· Tudo começou com a cauda longa,
brilhantemente explicada por Chris Anderson em "the long tail" sobre
a segmentação em nichos, uma cultura e economia que estão mudando do foco de um
relativo pequeno número de hits (que ficam no topo da curva, ou seja, produtos
com muita saída no mercado), para um elevado número de nichos na cauda (bem
específicos e segmentados). Ainda que a ponta da cauda seja menor,
economicamente pode ser tão atrativos quanto vender produtos para as massas.
A tecnologia e o digital permitiram
atender aos mais diversos gostos e também deram voz às pessoas. Assim, o foco
nos nichos cresceu.
E se olharmos ao redor vamos
perceber que já não dependemos mais de poucas fontes de informação ou da
"mídia tradicional", como há alguns anos. E existe um reflexo até
mesmo quando fazemos compras. Nas lojas físicas, por exemplo, encontramos
"produtos para as massas", com pouca personalização e diferenciação.

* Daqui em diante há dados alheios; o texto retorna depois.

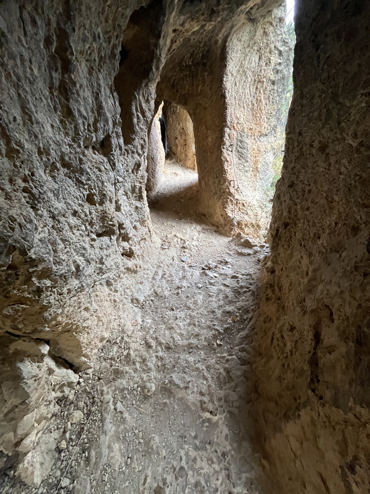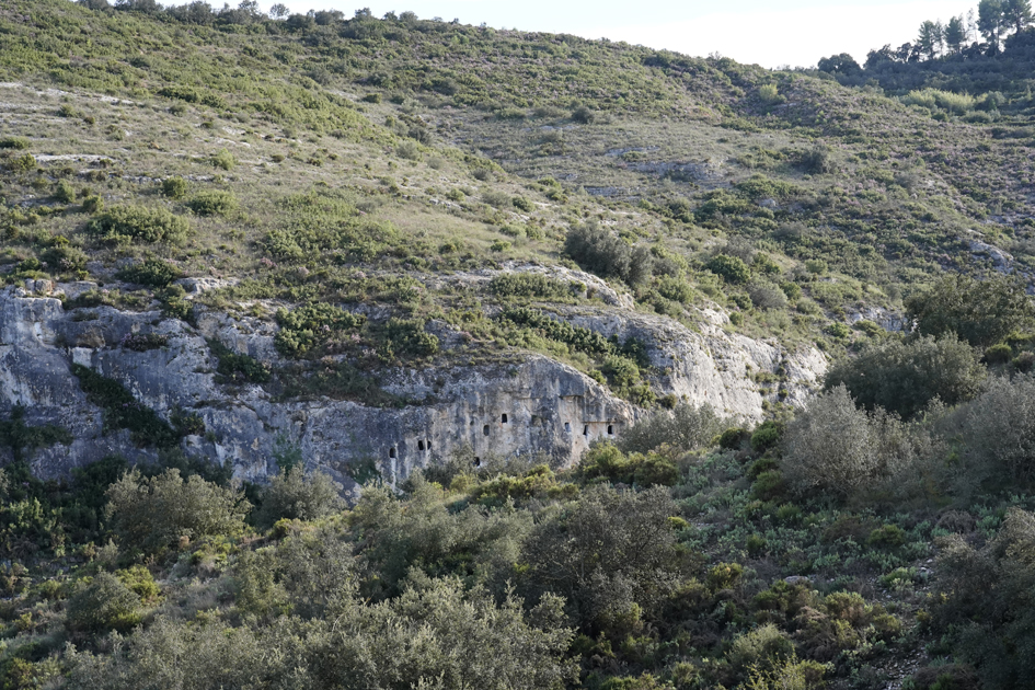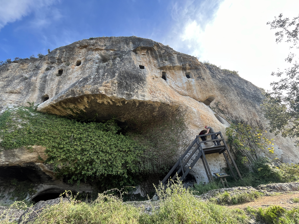Umělé jeskyně se nacházejí kolem přírodního úkrytu, převislé skály, která obsahovala pozůstatky z doby bronzové, kolem roku 1 500 př. n. l. Jeskyně byly vyhloubeny během islámské okupace této části Španělska, s největší pravděpodobností jako sýpky, jednoduché sklady obilí a dalšího zboží. Jejich původ nebyl definitivně objasněn. Cesta zpět k zaparkovaným automobilům vedla po původně postavené trati okolo kaple Ermita de la Mare de Déu de la Llum I de Sant Anto. Scházíme zpět do údolí k zaparkovaným autům a už z dálky vidíme, že jedno z aut má dveře dokořán. Je záhadou, jak k tomu došlo, ale z auta se vůbec nic neztratilo.

Já na internet, conseguimos encontrar itens específicos e personalizados, isso
porque nesse modelo de negócios o espaço na prateleira não está mais em jogo,
afinal, ter muitos produtos para atender a todos os gostos significa mais
estoque e mais gastos. E na internet isso não acontece, já que por lá é
possível encomendar um item e esperar por sua chegada, ou receber o item vindo
de algum lugar do país, não necessariamente de um mesmo estoque.
Foi assim que o modelo Amazon se
fortaleceu, oferecendo todo tipo de título (agora não se limitando mais apenas
aos livros) e inclusive desbancando muitas livrarias físicas. Somado a um
sistema inteligente de recomendação de itens que estimula um ticket maior
durante a compra e uma entrega rápida e precisa, todos os outros se viram
ameaçados e alguns até deixaram de existir. Igualmente aconteceu com o
conhecido modelo Netflix, que inicialmente foi desacreditado, na época das
locadoras de filmes. Hoje, muita gente não consegue imaginar a vida sem a
possibilidade de escolher o filme que quiser na TV pagando apenas uma
mensalidade fixa.
Diante de tantas opções, da
possibilidade de personalização e das transformações drásticas na comunicação
em massa e na mídia tradicional (até o próprio novo presidente transmitiu seu
discurso de vitória por uma live do Facebook antes de falar com a TV), algo
novo está surgindo: é o fim da era das referências em comum e também do que
chamamos de bullshitelling (um apelido carinhoso para as lorotinhas do
cotidiano travestidas de storytelling). Isso quer dizer que cada um vai seguir
quem quiser e que muitas vezes será autenticidade do outro que o fará tomar
essa decisão.
É claro que as referências em
comum nunca foram uma verdade absoluta, afinal, cada região, país ou povo
sempre teve e terá suas própria cultura, referências, gostos e sotaques. Até
mesmo um texto para ser plenamente entendido exige intertextualidade (o nome
dado à relação que se estabelece entre dois textos, quando um texto já criado
exerce influência na criação de um novo texto. Um exemplo fácil? Tente
contar uma piada que envolve um contexto de sua cultura ou país fora dele, provavelmente
não será bem entendido se não precedido de uma explicação).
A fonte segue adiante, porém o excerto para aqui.